__What you should do__: Everything from the line holding "Диам.20см.авторски красиви чинийки" through the final line of the records is to be transcribed exactly, except pictures, and nothing beyond that.

** Dataset records follows **

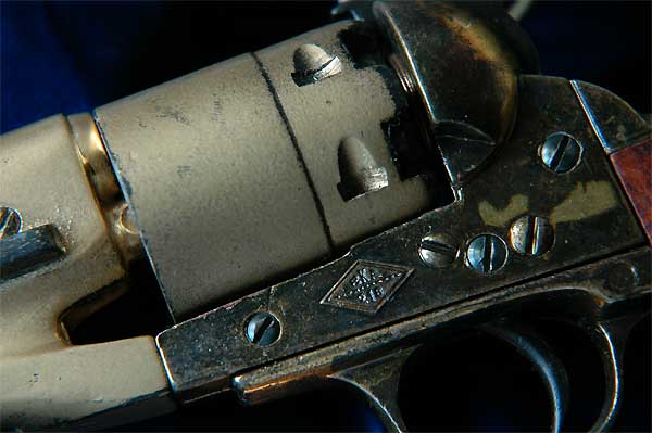 実銃の世界では、1851年の36口径ネービーが大ヒットしたコルト社はその後ドラグーンを製造し、1860年に44口径のアーミーを発売。南北戦争に遭遇し銃は売れまくったことだろう。そのせいか知らないが、創業者サミュエル・コルト氏は1862年働きすぎて亡くなった。 |
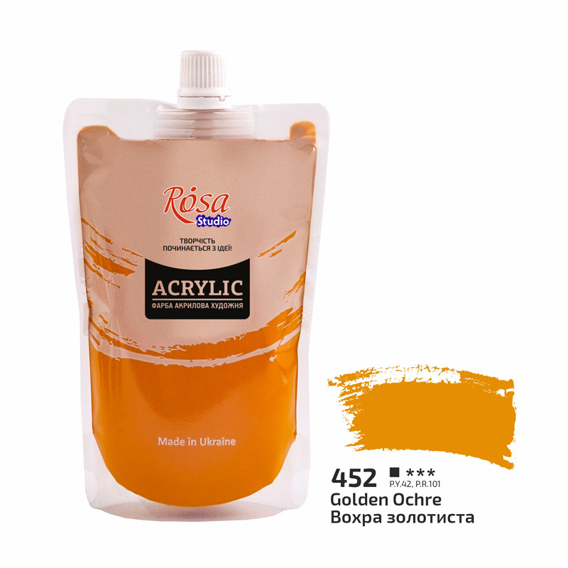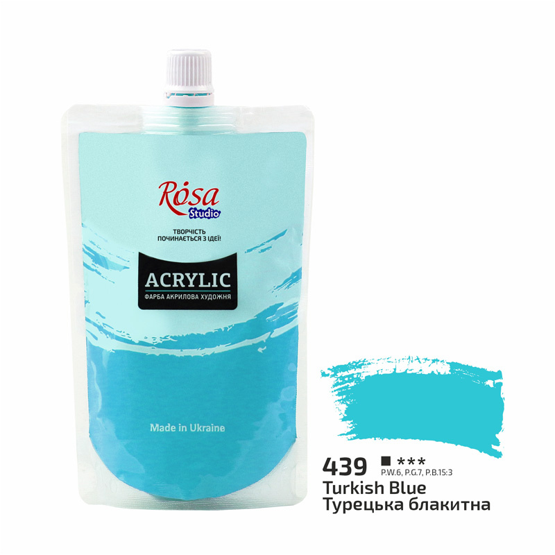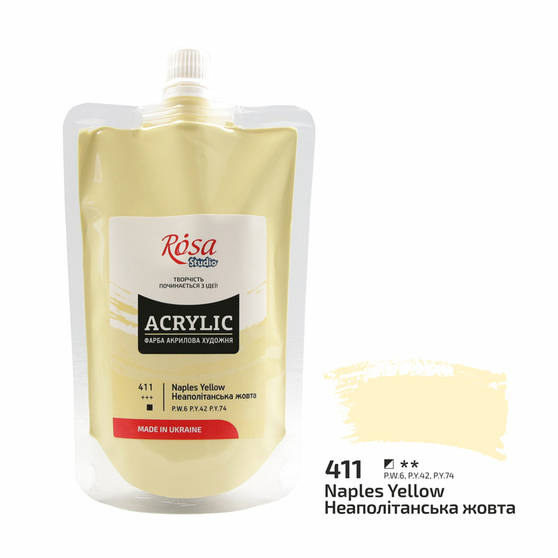 Farby akrylowe Rosa Studio w tubkach o pojemności 200 ml. Posiadają kremową, bardzo gęstą oraz jednolitą konsystencję, co ułatwia rozprowadzanie farb. Konsystencja farb jest jednorodna i niezależna od koloru; jest taka sama w całej palecie kolorystycznej. Farby cechują się niesamowicie wysoką pigmentacją i intensywnością kolorów. Bardzo dobrze rozprowadzają się na różnych powierzchniach, typu papier, kamień czy szkło. Świetnie mieszają się z innymi farbami i mediami. Są bardzo wydajne; niewielką ilością farby można zapełnić dużą powierzchnię. Po wyschnięciu posiadają delikatnie błyszczące powłoki i są elastyczne, co sprawia, że nie pękają z upływem czasu.
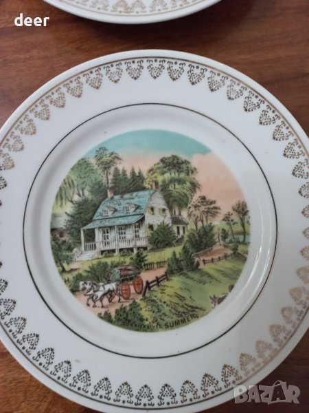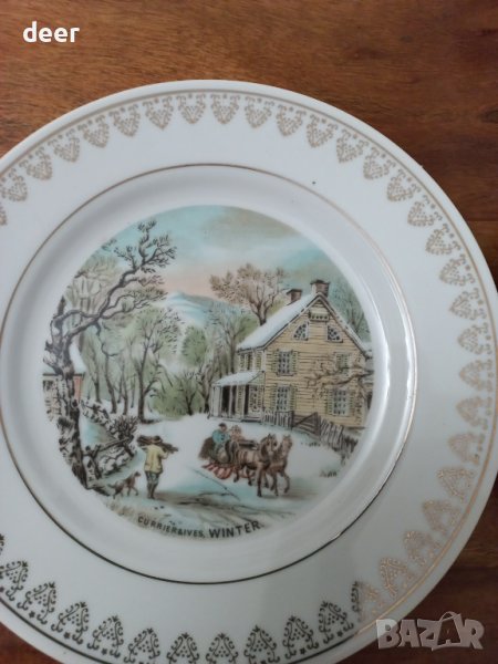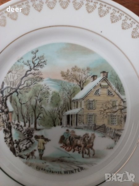 Диам.20см.авторски красиви чинийки с картинки и златен кант
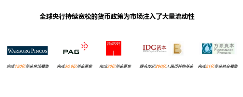 并且,我们看到目前市场上并不真正缺钱。我的同事收集了几家基金在2016年的融资情况,可以看到华平完成了全球120亿美元的融资,高瓴资本完成了30亿美元的融资,IDG完成了200亿人民币的并购基金融资等,还有不少基金都完成了新一期的募集,不再赘述。因此,仅从统计数据看,市场并不缺钱,市场真正缺的是信心。事实上,之前的资本寒冬多数也都不是因为缺钱造成的,而是大家对外来一段时期市场的预期。
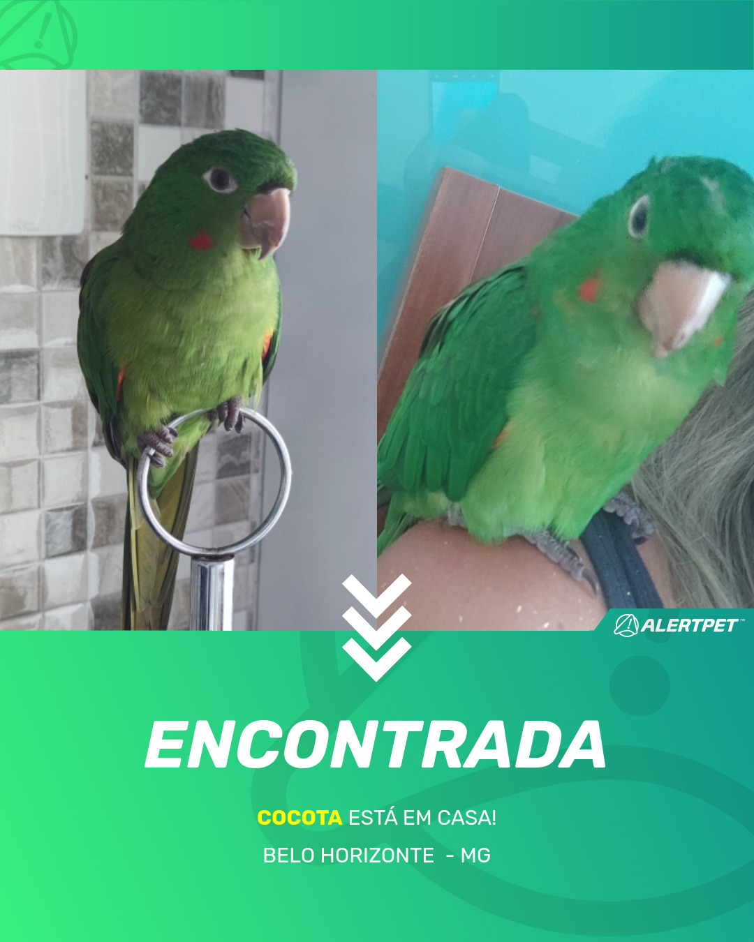 Depois de dois meses a cadelinha foi finalmente localizada graças a um anúncio da AlertPet

** End of Dataset records **

__Result__:
 Диам.20см.авторски красиви чинийки с картинки и златен кант
 并且,我们看到目前市场上并不真正缺钱。我的同事收集了几家基金在2016年的融资情况,可以看到华平完成了全球120亿美元的融资,高瓴资本完成了30亿美元的融资,IDG完成了200亿人民币的并购基金融资等,还有不少基金都完成了新一期的募集,不再赘述。因此,仅从统计数据看,市场并不缺钱,市场真正缺的是信心。事实上,之前的资本寒冬多数也都不是因为缺钱造成的,而是大家对外来一段时期市场的预期。
 Depois de dois meses a cadelinha foi finalmente localizada graças a um anúncio da AlertPet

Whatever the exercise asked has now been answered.